FOR IMMEDIATE RELEASE: April 30, 2020
Contact (numbers not for distribution):
Susan Beaty, Centro Legal de la Raza | 203.544.2483 | [email protected]
Priya Patel, Centro Legal de La Raza | 678.270.6030 | [email protected]
Juan Prieto, California Immigrant Youth Justice Alliance | 510.414.0953 | [email protected]
Immigrants at Mesa Verde Detention Facility resume COVID-19 hunger strike after threats of retaliation
Having temporarily suspended their hunger strike in response to threats of losing access to commissary resources, immigrants detained at Mesa Verde Detention Facility have resumed the strike urging mass release amidst COVID-19 pandemic.
Bakersfield, CA— Immigrants detained at the Mesa Verde Detention Facility in Bakersfield relaunched a hunger strike on Thursday morning, calling on ICE to release people from detention amidst the ongoing COVID-19 crisis.
The strike began two weeks ago in the women’s dorm of the GEO-owned facility. Citing fears for their health and safety, strikers demanded swift action to prevent the spread of COVID-19 inside. By Thursday of that week, the hunger strike had erupted across the facility with nearly 200 immigrants participating. The initial strike was suspended, however, after officials threatened to revoke commissary access for those participating in the hunger strike. Commissary is a store inside the facility, and one of the only ways those detained can access hygiene products such as soap and shampoo. In the face of ICE inaction amidst the escalating public health crisis, immigrants at Mesa Verde have resumed their strike.
“The jail officials tell us that we need to be 6 feet away, but that is something that they are not letting us do,” explained Esteban Flores, pointing to the fact that migrants inside have been forced to stay 100 to a cell. “We are close to 3 feet from each other because we have no other choice. The jail officials do not all use masks, and they are coming in and out of the dorms. They could infect us.”
This exact neglect for their safety is why the hunger strikers have resumed their civil disobedience, urging for mass release of those detained.
“It’s frustrating that people have to be detained here when we have family out there,” said Donovan Grant, another of the hunger strikers. “We shouldn’t have to sit in this detention center, waiting for the virus to hit, when we can be out there with our families.”
The strikers stress that many of those detained inside suffer from medical conditions that put them specifically at harm’s way should they contract the virus. “That’s why we’ve been pressuring ICE to release immunocompromised people immediately,” said Tania Bernal of the Kern Youth Abolitionists, a grassroots organization that has regularly protested outside the facility in conjunction with the strikers. “They’re not going to prioritize our community’s health, and so we’ll ensure we keep bringing light to the demands of the strikers inside.”

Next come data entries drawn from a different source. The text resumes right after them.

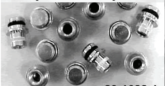
Rim Stud Retainers 20-1688-1

Spade Sleeve Channel Outside Edge of Plate Rim Stud Retainers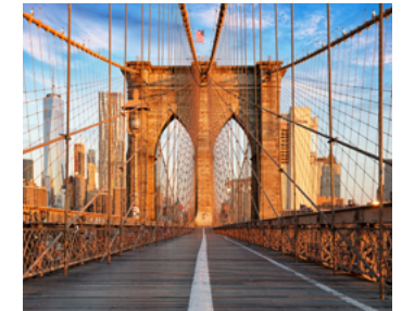
3 BROOKLYN BRIDGE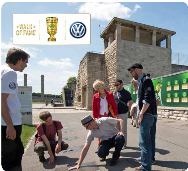
DFB-Pokal Walk of Fame & Wall of Fame

MORE ABOUT ONLINE TICKETS, INFOS AND CURRENT NOTES WWW.OLYMPIASTADION.BERLIN INFOHOTLINE +49 (0)30 / 25 00 23 22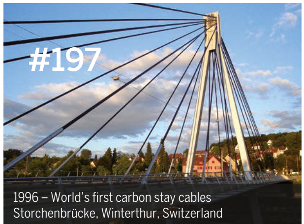
1996 – World's first carbon stay cables Storchenbrücke, Winterthur, Switzerland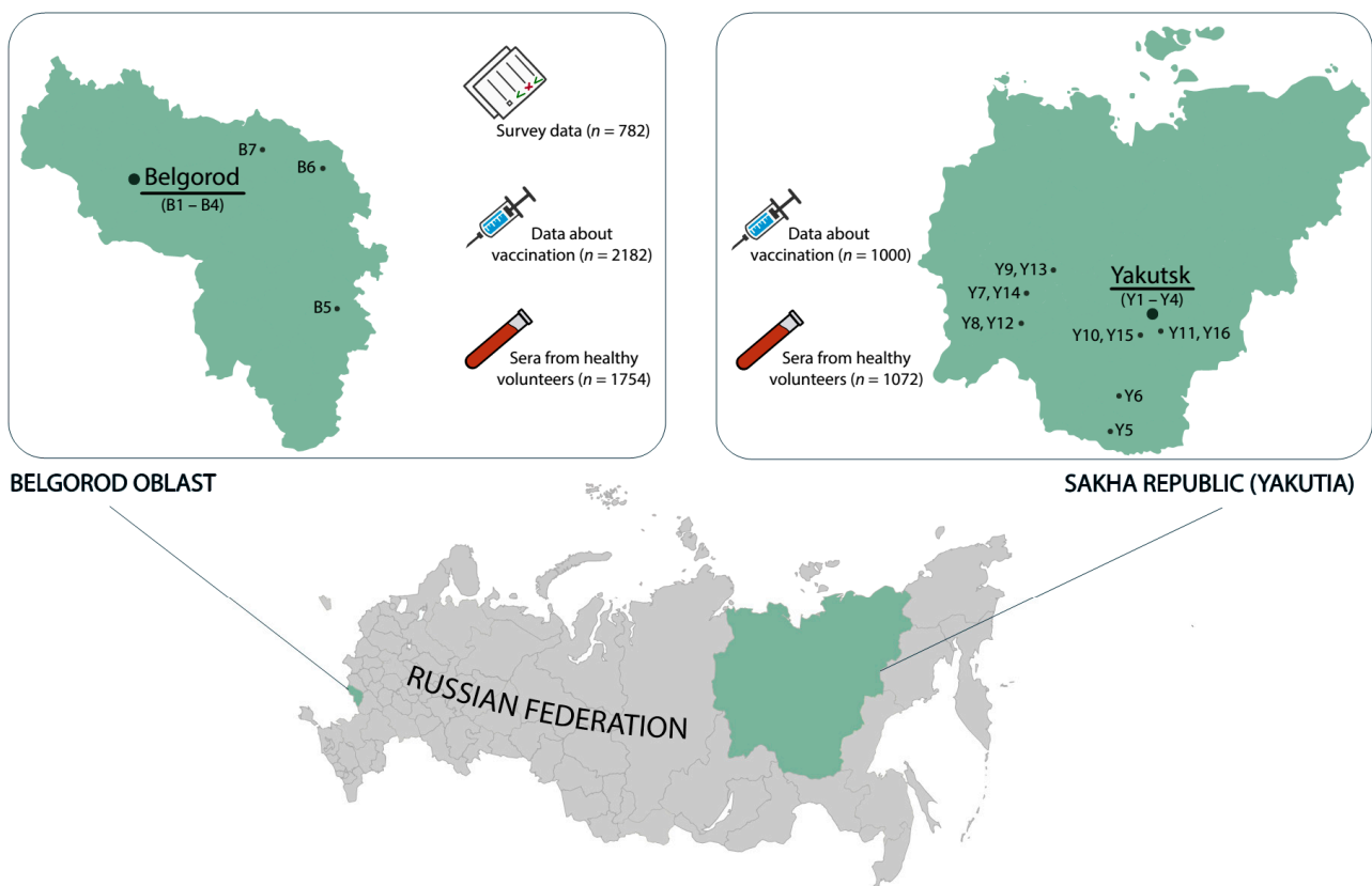
Figure 1. Study regions (in green) with indicated centers in each region where data on vaccination coverage were collected (B1 to B10—centers in Belgorod Oblast, Y1 to Y16—centers in Yakutia). The capital of each region is underlined. The number of participants in each step of the study (newborn vaccination coverage, serosurvey, survey of university students and teachers) are indicated in the callouts.

coded and stored in aliquots at -70\text{ }^{\circ}\text{C} until testing. After thawing, sera were tested for the serological markers of HBV infection (Figure 1).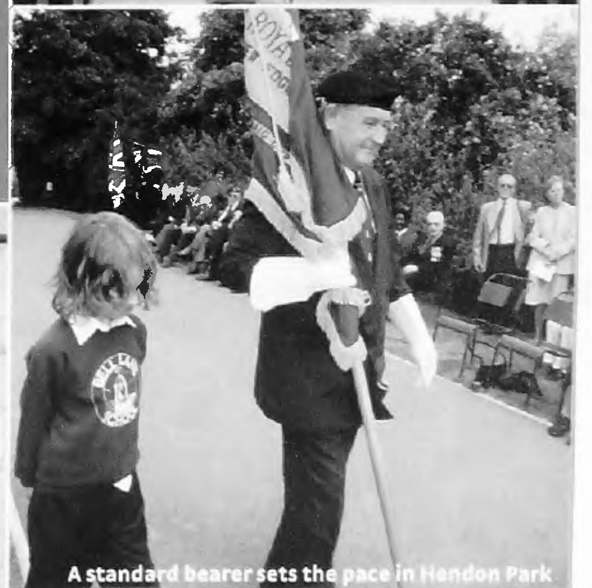
A standard bearer sets the pace in Hendon Park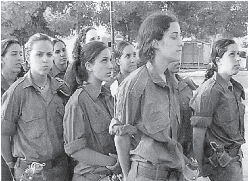
11th grade pupils in the Carmel-Zvulun Regional School in the north of Israel on parade in the Youth Battalions Training Week.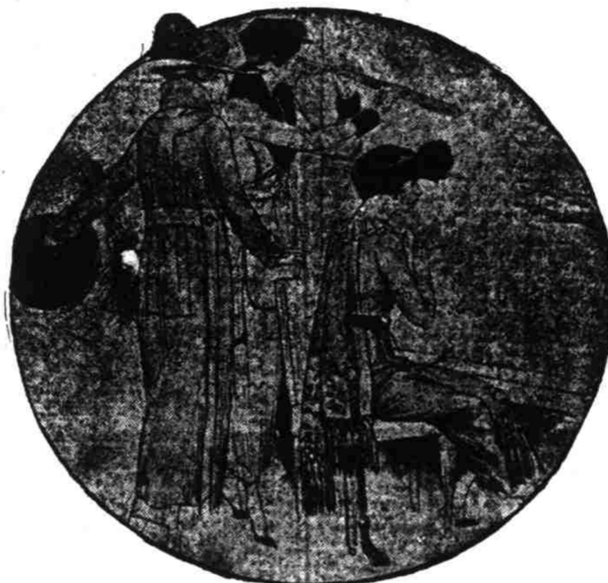
—Meier & Frank's: Apparel Shop, Fourth Floor.

Women's and misses' coats in dependable kerseys and velours. Full length models. Half lined. Large self, plush or kit cone fur collars. Navy, brown, taupe, green, burgundy and plum.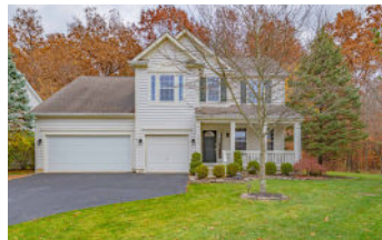
4376 Cordova Drive $600,000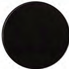
(US19) Flat Black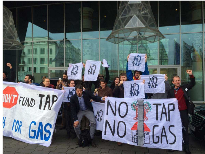
Illustration 4: NoTAP solidarity action in Bonn

We organized an international “NoTAP” Day of Action with actions in nine cities in 7 countries. TAP stands for the Trans-Adriatic Pipeline, a major fossil gas pipeline currently trying to get multibillion Euros of public support.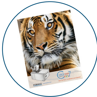
Full-Bleed CMYK Prints Brilliant full-bleed CMYK output on envelopes, and sheets up to 8.5" wide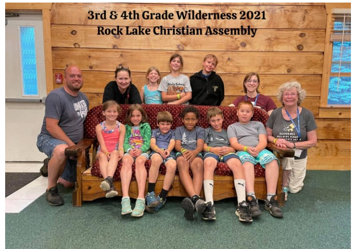
3rd & 4th Grade Wilderness 2021 Rock Lake Christian Assembly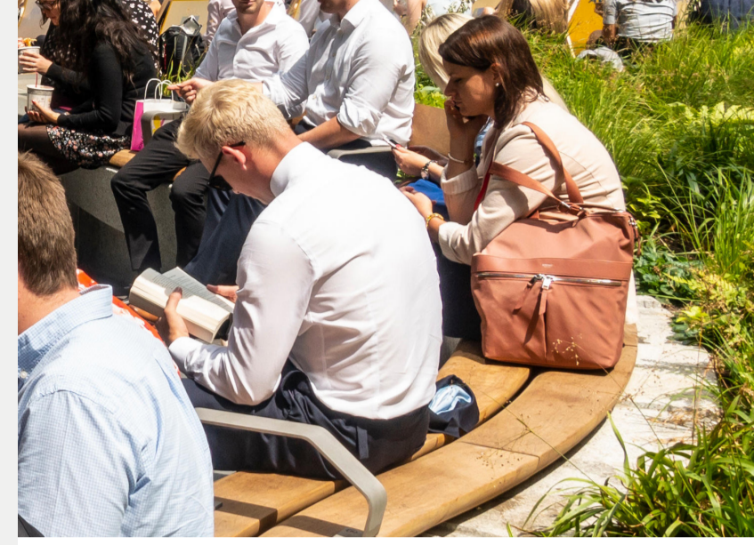
Seating amongst plants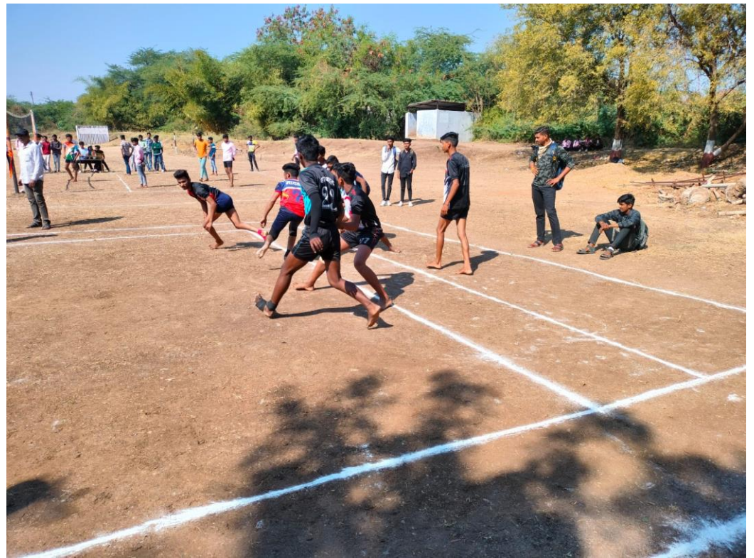
College Level Sports Event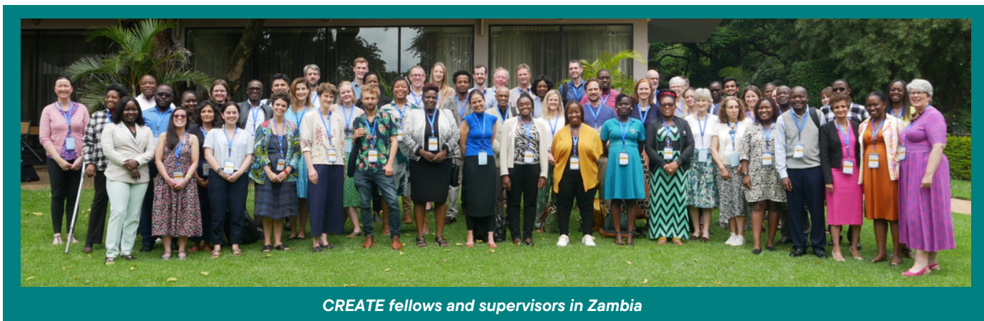
CREATE fellows and supervisors in Zambia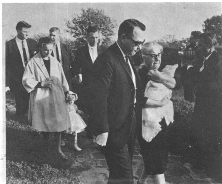
COMMISSION EXHIBIT 174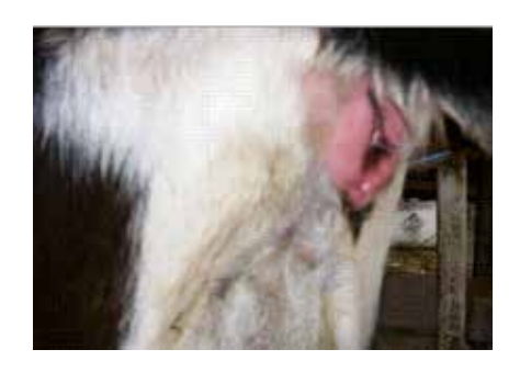
Vaginal drainage for the first days after kidding is normal.

The transition from a dry doe to a fresh doe is a very stressful time for the doe. It will take two or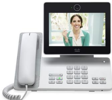
Figure 1. Cisco DX650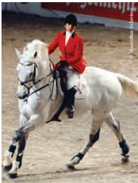
▼ HRH Princess Haya riding Come On, Frankfurt 1998

need them to come with us on that journey and in the end we must ensure that athletes understand that they are the people responsible for the animals that they ride and that the welfare of the horse is the most important aspect of the sport.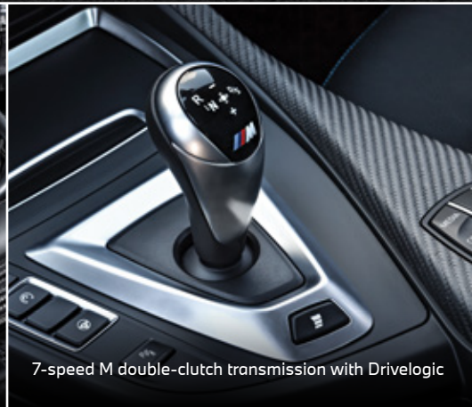
7-speed M double-clutch transmission with Drivelogic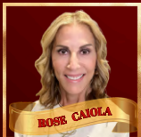
BETTINA EQUITIES PROPERTY MANAGER OF THE YEAR BETTINA EQUITIES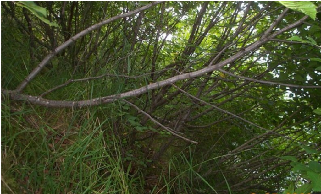
Figure 4. Typical area of community 1.2.

“I just learned that two of my family members in the medical field contracted the virus. I can’t see them, they can’t see me, and it’s hard,” mourned Grant. “We could die here. We cannot do social distancing, and people are coming in and out every day. I see so many different faces, and it’s so hard.”
The renewed hunger strike comes as organizing to #FreeThemAll has intensified across the state. Meanwhile, immigrants at another for-profit detention facility in California, Otay Mesa, are suffering the worst COVID-19 outbreak in any ICE facility in the nation. Amidst a flurry of lawsuits, advocates are pressuring ICE to immediately free people. Community groups are also urging California Gov. Gavin Newsom to take executive action to halt the expansion of detention and transfers to ICE.